Was it an immense, an appalling impertinence--this great drama? Was it a
mere mockery of the impotence and darkness of man's life? Would the
priest say all this at the death-bed of the drunken beggar, of the
voluptuous tyrant, of the woman who had been too hard or too weak in the
bonds of the flesh? Was it a last great delusion, a last panacea given
by the Church to those who had consented to bandage their eyes and crook
their knees in childish obedience? Vaguely in her mind there flitted
half phrases of the humanitarian, the materialist, the agnostic. It
seemed as if their views of the wreck on the bed pressed upon all her
consciousness. But, just as they had never succeeded in silencing the
voice of that great drama of faith and prayer through the ages, so she
could not dull to her own consciousness the strange, spiritual vitality
that poured out in this triumphant call to the powers on high to come
forth in all their glory to receive the inestimable treasure of the
redeemed soul of Pat Moloney.




CHAPTER XVI

MOLLY'S LETTER TO HER MOTHER


There followed after that night a quite new experience for Molly. It was
the upheaval of an utterly uncultivated side of her nature. She was
astonished to find that she had religious instincts, and that, instead
of feeling that these instincts were foolish and irrational--a lower
part of her nature,--they now seemed quite curiously rational and
established in possession of her faculties. Her mind seemed more
satisfied than it had ever been before. She did not know in what she
believed, but she felt a different view of life in which men seemed less
utterly mean, and women less of hypocrites. Externally it worked
something in this way.

The day on which Pat Moloney died at dawn she could not rest so much as
she intended, to make up for the short night. She wrote one or two brief
notes begging to be let off engagements, and told the servants to say
she was not at home. She could not keep quite still, and she did not
want to go out. Gradually, as the day wore on, she worked herself into
more and more excitement. Her imagination pictured what might be the
outcome of such a view of life and death as seemed to have taken hold of
her. In her usual moods she would have thought with sarcasm that such
were the symptoms of "conversion" in a revivalist. But now there was no
critical faculty awake for cynicism; the critical faculty was full of a
solemn kind of joy. Next there came, after some hours of a sort of
surprise at this sudden and vehement sense of uplifting, the wish for
action and for sacrifice.
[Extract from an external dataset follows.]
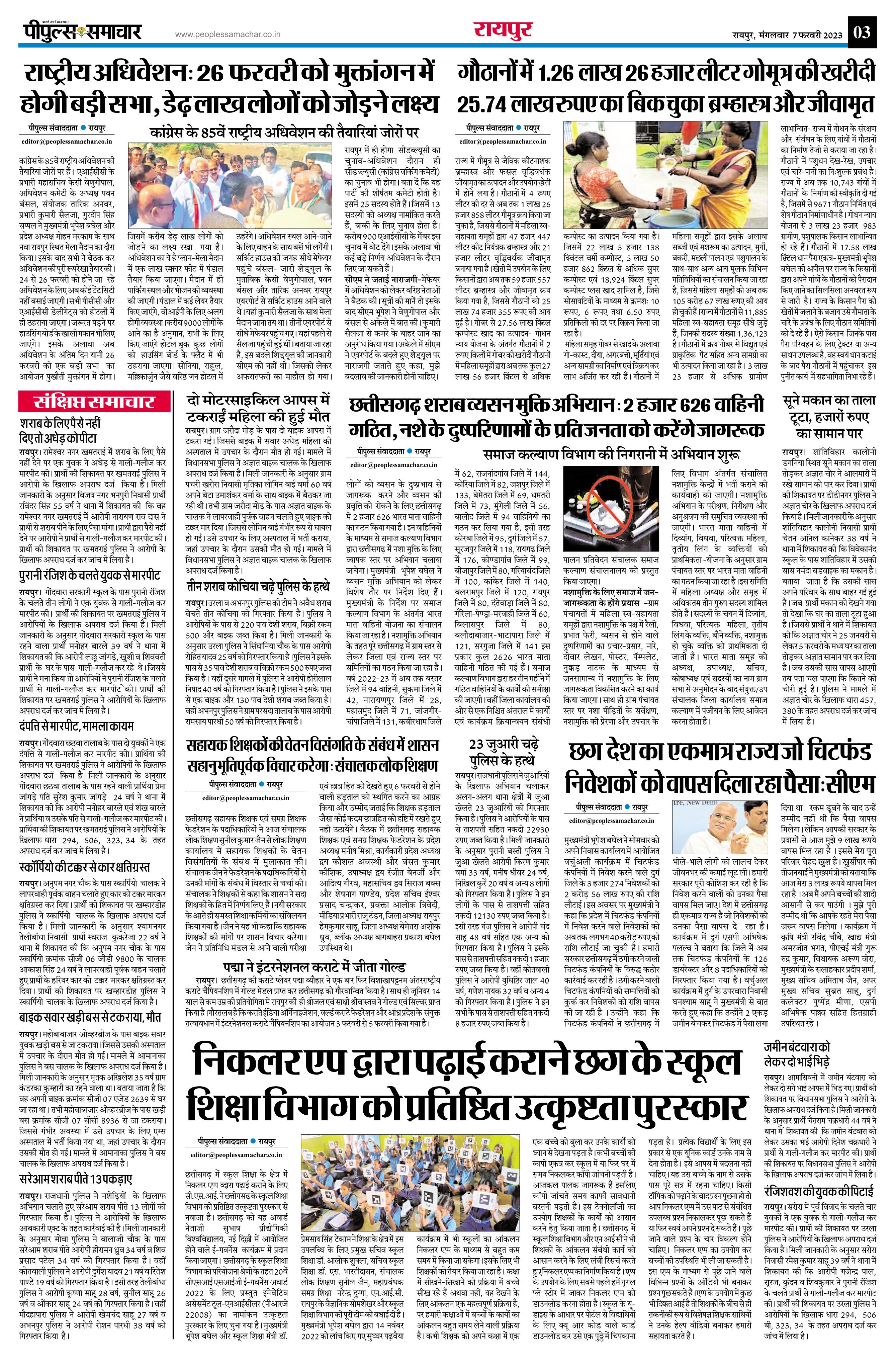 रायपुर Page: 3 February 07, 2023 << First << 3 >> Last >> Page 1Page 2Page 3Page 4Page 5Page 6Page 7Page 8 × रायपुर << First << 3 >> Last >> page1page2page3page4page5page6page7page8 page3

Her mind returned to the concrete, and the
circumstances of her life. And then there came a most unwelcome thought.
If Molly wanted to sacrifice herself indeed, and wished to do some real
good about which there could be no self-delusion, was there not one duty
quite obviously in her path, her duty as a child? Had she ever made any
attempt to help the forlorn woman in Florence? Perhaps Madame Danterre's
assertion, when Molly came of age, that she did not want to see Molly,
was only an attempt to find out whether Molly really wished to come to
her mother. From the day on which her ideal of her mother had been
completely shattered Molly had shrunk from even thinking of her. She now
shivered with repugnance, but she was almost glad to feel how repugnant
this duty might be, much as a medieval penitent might have rejoiced in
his own repugnance to the leprous wounds he was resolved to dress as an
expiation for sin. It did not strike her, as it never struck the noble
penitents in the Middle Ages, that it might be very trying to the object
of these expiatory actions. She felt at the moment that it must be a
comfort to her mother to receive all the love and devotion that she
would offer her. And there was real heroism in the letter that Molly
proceeded to write to Madame Danterre. For she knew that if her offer
were accepted she risked the loss of all that at present made life very
dear, both in what she already enjoyed, and in the hope that was hidden
in her heart.

Molly had pride enough to shrink utterly from the connection with her
mother, and her girl's innocence shrank, too, with quick sensitiveness
from what might be before her. How strange now appeared the dreams of
her childhood, the idealisation of the young and beautiful mother!